Functional inactivation of the AF4-MLL oncoprotein

B Pless ¹, S Sabiani ¹, C Engelbrecht ¹, C Oehm ¹, T Dingermann ¹, R Marschalek ¹

¹Inst. Pharm Biology, Goethe University, Frankfurt/Main

Congress Abstract

Introduction: We have demonstrated that transduction and recombinant expression of the AF4-MLL oncoprotein in hematopoietic stem/precursor cells is sufficient to induce the development of proB ALL in a mouse model system (Bursen et al., 2010). Results: Here, we present our data on our efforts to functionally inactivate the AF4-MLL fusion protein.
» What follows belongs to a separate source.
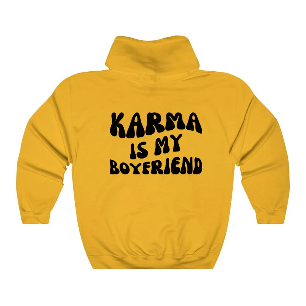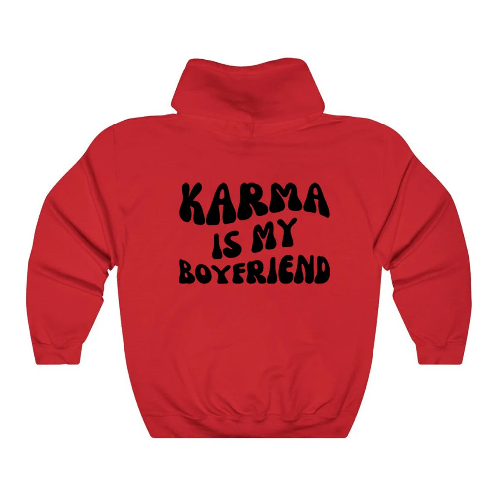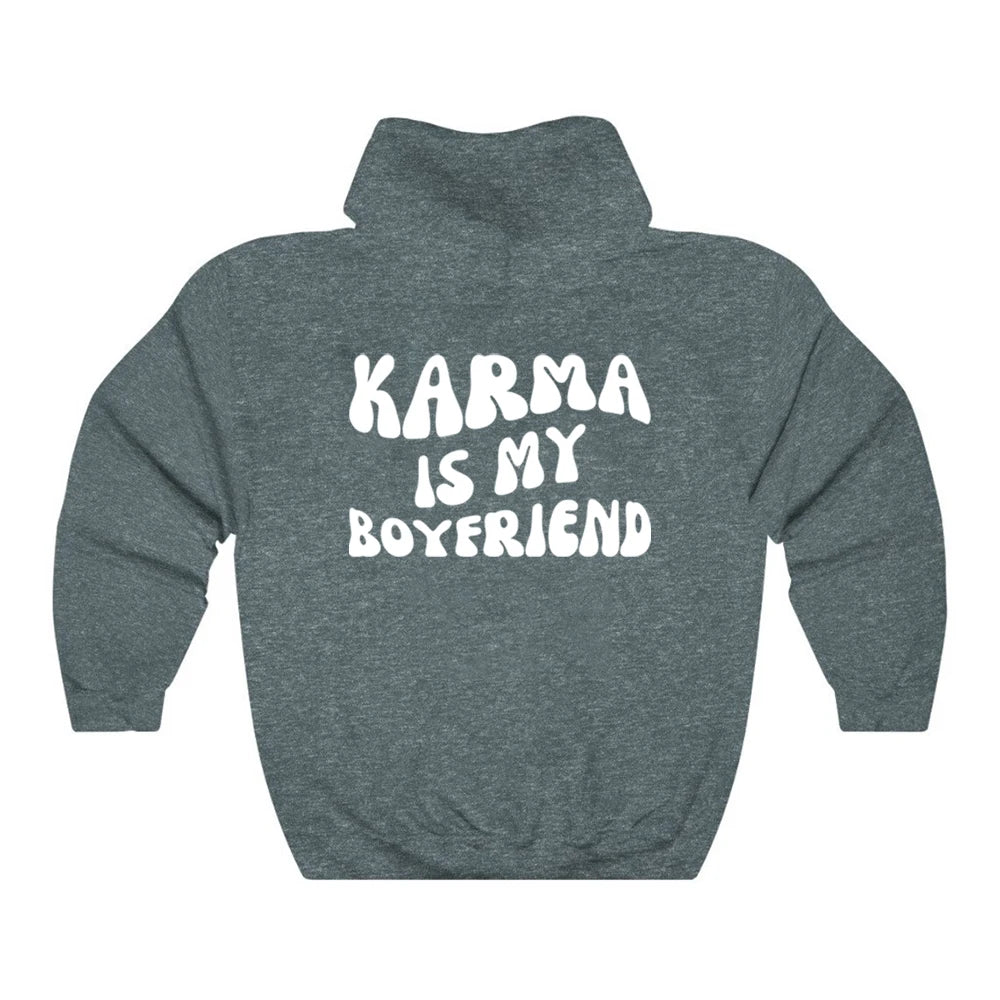 Dámská stylová mikina s nápisem Karma Is My Boyfriend a kapucí. Více barev na výběr.

First, we targeted the FYRN/FYRC heterodimerization domain, demonstrating that interference with the heterodimerization process leads to proteasomal degradation of AF4-MLL. Next, we investigated Taspase1 which processes the AF4-MLL fusion protein prior to heterodimerization. We unraveled the mechanism which is required for the sequential activation of Taspase1. This knowledge can now be translated into the design of rational drugs that could potentially be used in the future for the treatment of t(4;11) leukemia patients.

This work is supported by a grant from the Deutsche Krebshilfe (108400) to RM.